Проснулся он с ощущением усталости во всем теле. Полежал какое-то время, вытянувшись на спине, подумал, как грустно, что ты так стар, что времени у тебя осталось немного и надо довольствоваться теми знаниями, которые ты успел приобрести.
Наконец он выбрался наружу и нашел Сен-Дени, который курил трубку и глядел на холмы, еще освещенные солнцем, но уже словно бы тронутые неким предчувствием. Сен-Дени был невысок ростом и лыс, щеки его заросли косматой бородой, а глаза, занимавшие, казалось, чуть не все изможденное лицо с высокими скулами, были прикрыты очками в стальной оправе; узкие, сутулые плечи говорили о сидячем образе жизни, хотя их обладатель и являлся последним хранителем огромных африканских стад. Мужчины немного поболтали об общих знакомых, обменялись слухами насчет войны и мира, потом Сен-Дени расспросил отца Тассена о работе; его особенно интересовало, правда ли, что в связи с последними открытиями в Родезии можно утверждать, будто Африка действительно колыбель человечества? Наконец иезуит задал свой вопрос. Сен-Дени словно и не удивился, что выдающийся член Святейшего Братства в возрасте семидесяти лет, имеющий среди миссионеров репутацию человека, гораздо более занятого наукой о происхождении человека, чем спасением души, проехал два дня верхом, чтобы расспросить о девушке, чья красота и молодость, казалось, не должны интересовать ученого, привыкшего вести счет на миллионы лет и целые геологические эпохи.
Поэтому отвечал он откровенно, со все возрастающим жаром и странным чувством облегчения. Потом он не раз спрашивал себя, не приехал ли отец Тассен только для того, чтобы помочь ему скинуть бремя одиночества и воспоминаний, которые так его угнетали? Иезуит слушал молча, с какой-то отчужденной вежливостью, ни разу не пытаясь помочь утешениями, которыми так славилась его религия. Разговор затянулся до ночи, но Сен-Дени продолжал свой рассказ, прервавшись лишь однажды, чтобы приказать слуге Н’Голе зажечь костер.

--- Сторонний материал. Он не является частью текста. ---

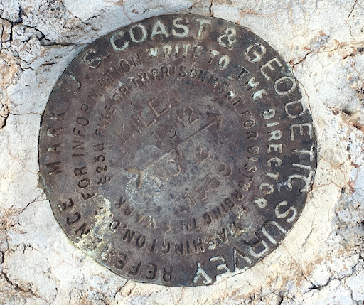We initially thought the petroglyphs were at the top of the hill, so we hiked the lava-gravel road to the top of the hill. However the only item there was a Geodetic Survey Marker. (photo posted)

Пламя сразу же прогнало с неба последние проблески света, и им пришлось отодвинуться от огня, чтобы не лишиться общества холмов и звезд.
II
«Нет, я не могу утверждать, что хорошо ее знал, но много о ней думал, а это тоже способ общения. Она не была со мной откровенна и даже честна: из-за нее меня лишили управления округом, которым я так дорожил, и поручили надзор за этими громадными стадами африканских животных. Мои наивность и доверчивость доказывали, что я куда больше приспособлен управлять животными, чем людьми. Я не жалуюсь, наоборот, считаю, что со мной поступили даже мягко; меня ведь могли просто-напросто выслать из Африки, а в моем возрасте такую встряску и не переживешь. Что же касается Мореля… О нем уже все сказано.

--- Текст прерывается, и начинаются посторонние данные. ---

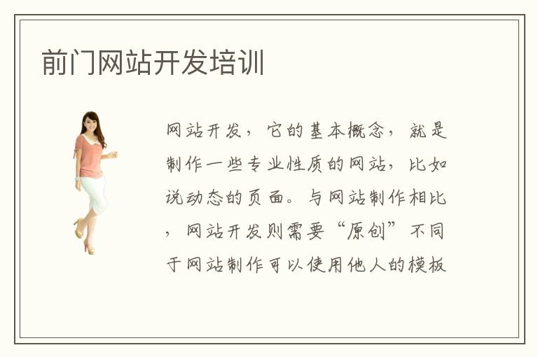 網(wǎng)站開發(fā),它的基本概念,就是制作一些專業(yè)性質(zhì)的網(wǎng)站,比如說動態(tài)的頁面。與網(wǎng)站制作相比,網(wǎng)站開發(fā)則需要“原創(chuàng)”不同于網(wǎng)站制作可以使用他人的模板。根據(jù)字面意思的理解,網(wǎng)站開發(fā)就比網(wǎng)站制作更深入一個層次。實際上,網(wǎng)站開發(fā)確實比網(wǎng)站制作要復雜的多,它不僅是頁面的美工以及內(nèi)容,還涉及到域名查詢與注冊,以及網(wǎng)站功能的開發(fā)等等方面。在比較大型的企業(yè)內(nèi),網(wǎng)站開發(fā)團隊是由數(shù)百位web開發(fā)者組成。網(wǎng)站開發(fā)行業(yè)目前正在處于不斷增長的發(fā)展趨勢,想要獲得網(wǎng)站開發(fā)工程師的職稱,最好到相關(guān)的職業(yè)it教育機構(gòu)進修學習。前門網(wǎng)站開發(fā)培訓,前門附近有多家專業(yè)從事it職業(yè)教育的機構(gòu),可以幫助同學們解決專業(yè)上的問題。前門知名網(wǎng)站開發(fā)培訓機構(gòu)。在前門附近地段的it職業(yè)教育機構(gòu)中,在網(wǎng)絡(luò)搜索中比較知名的就屬北大青鳥,它是一家專業(yè)從事IT培訓的學校,也是一家全國連鎖的教育機構(gòu),教學實力比較雄厚。同學們可以去實地了解一下。
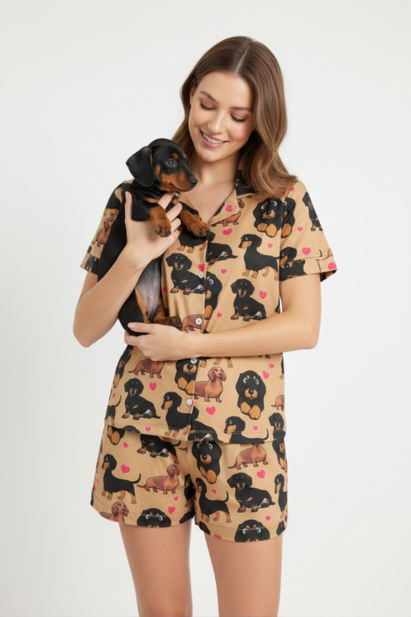 Dale un toque de ternura y alegría a tus noches con esta hermosa pijama de short con estampado de perritos. Diseñada para quienes aman los detalles únicos, esta prenda combina comodidad, frescura y un estilo encantador que roba miradas.

Думаю, что этот человек в своем одиночестве зашел дальше других, а это, между прочим, большое достижение, ибо, если уж побивать рекорды одиночества, не каждый из нас откроет в себе чемпиона. Он часто приходит ко мне в бессонные ночи – сердитый, с тремя глубокими складками на высоком упрямом лбу под взъерошенными волосами, держа свой знаменитый портфель, набитый петициями и воззваниями в защиту природы, с которым не расставался.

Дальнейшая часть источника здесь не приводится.